The Occupy Wall Street movement, which has now well and truly gone global, has been criticised for its lack of a coherent message, above and beyond a collective railing at the unfairness of it all.

The same has been said of the small offshoot movement here in Australia, which turned out in numbers of around 600 and 500 in Sydney and Melbourne respectively over the weekend. Critics have questioned the need for such a movement in a country whose economy bears no similarity to the US and Europe.

Business Insider has helpfully graphed the many legitimate gripes at the heart of the US Occupy movement, starting with unemployment:

Yes, comparatively our unemployment rate would make the US weep with envy. But we are not immune to the gripes.

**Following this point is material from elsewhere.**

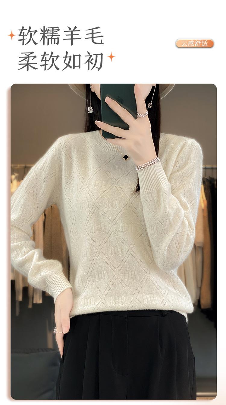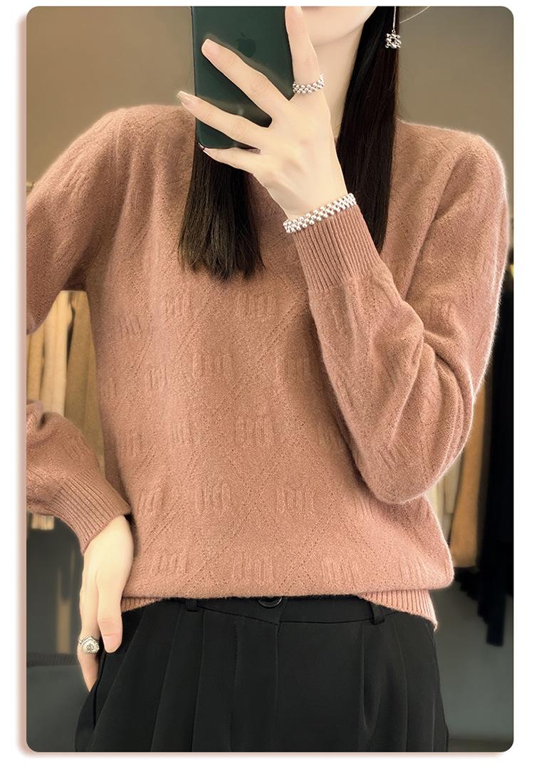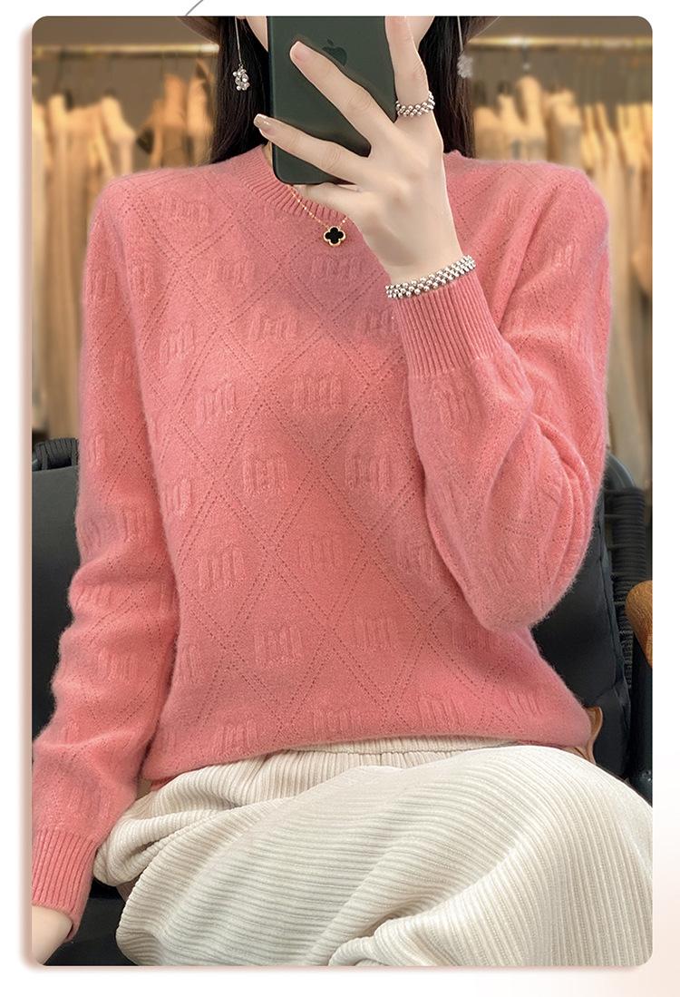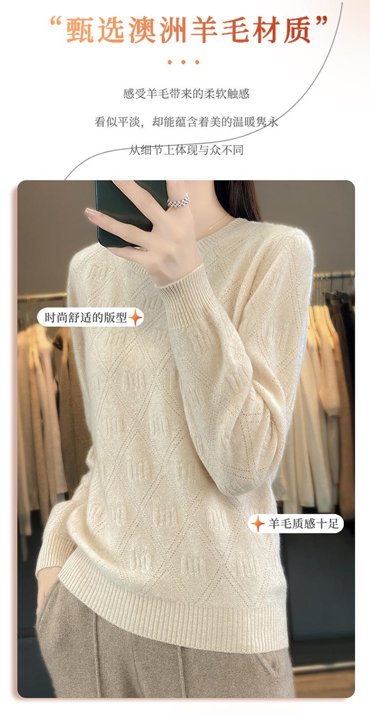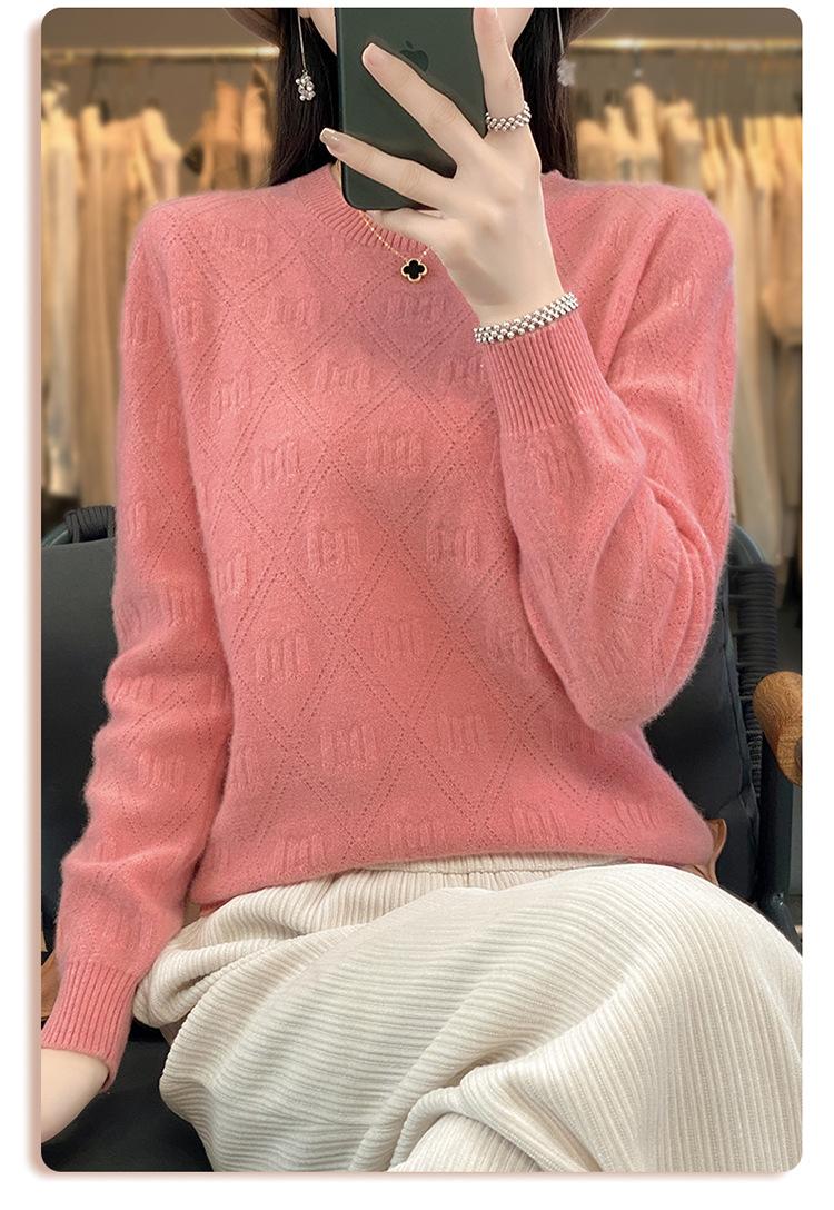 24 Otoño e Invierno Nuevo Color Sólido Cuello Redondo Pulóver Diamante Flor Trenzada 100 Suéter Suéter Holgado Para Mujer Versátil Aguja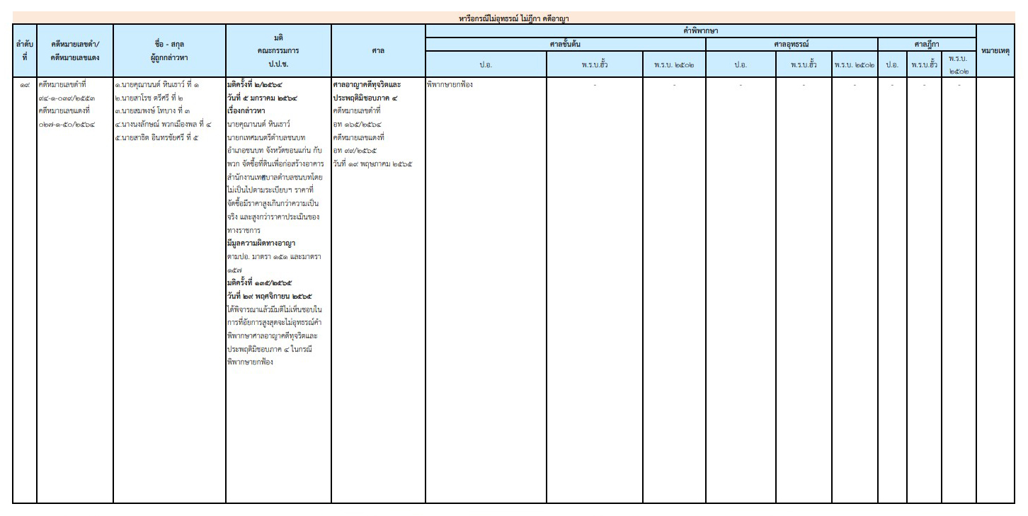 ล่าสุด เมื่อวันที่ 19 พฤษภาคม 2565 ศาลอาญาคดีทุจริตและประพฤติมิชอบภาค 4 มีคำพิพากษายกฟ้อง

In his “Mind the Gap” piece for Inside Story published in May, economist and Labor MP Andrew Leigh wrote about the widening chasm between the haves and have nots in this country. Leigh cited research co-authored with Oxford’s Tony Atkinson, while he was an economics professor at the Australian National University, which examined how the income share of top income groups in Australia had changed, extending back to the 1920s:

In 1921 the top 1% of Australians had 12% of all household income. Then we saw a compression: the top earners’ income share steadily dropped until 1980, by which time that group had about 5% of all national income. Then we saw a rise again, and by 2007 the top 1% had 10% of household income, double the share in 1980.

We see an even starker pattern if we look at the top 0.1% — the richest 1/1000th of Australian adults. In 2007, members of this group were earning at least $693,000, and their income share of the Australian pie followed a similar trajectory. In 1921, they had 4% of all household income. That fell by 1980 to 1%, and then rose again so that, by 2007, the richest 1/1000th of all Australians again had 4% of household income.

The protesters here may not been driven by their own desperate circumstances the way protesters in the US and Europe are, but that doesn’t mean they don’t have legitimate questions to scrawl on their placards.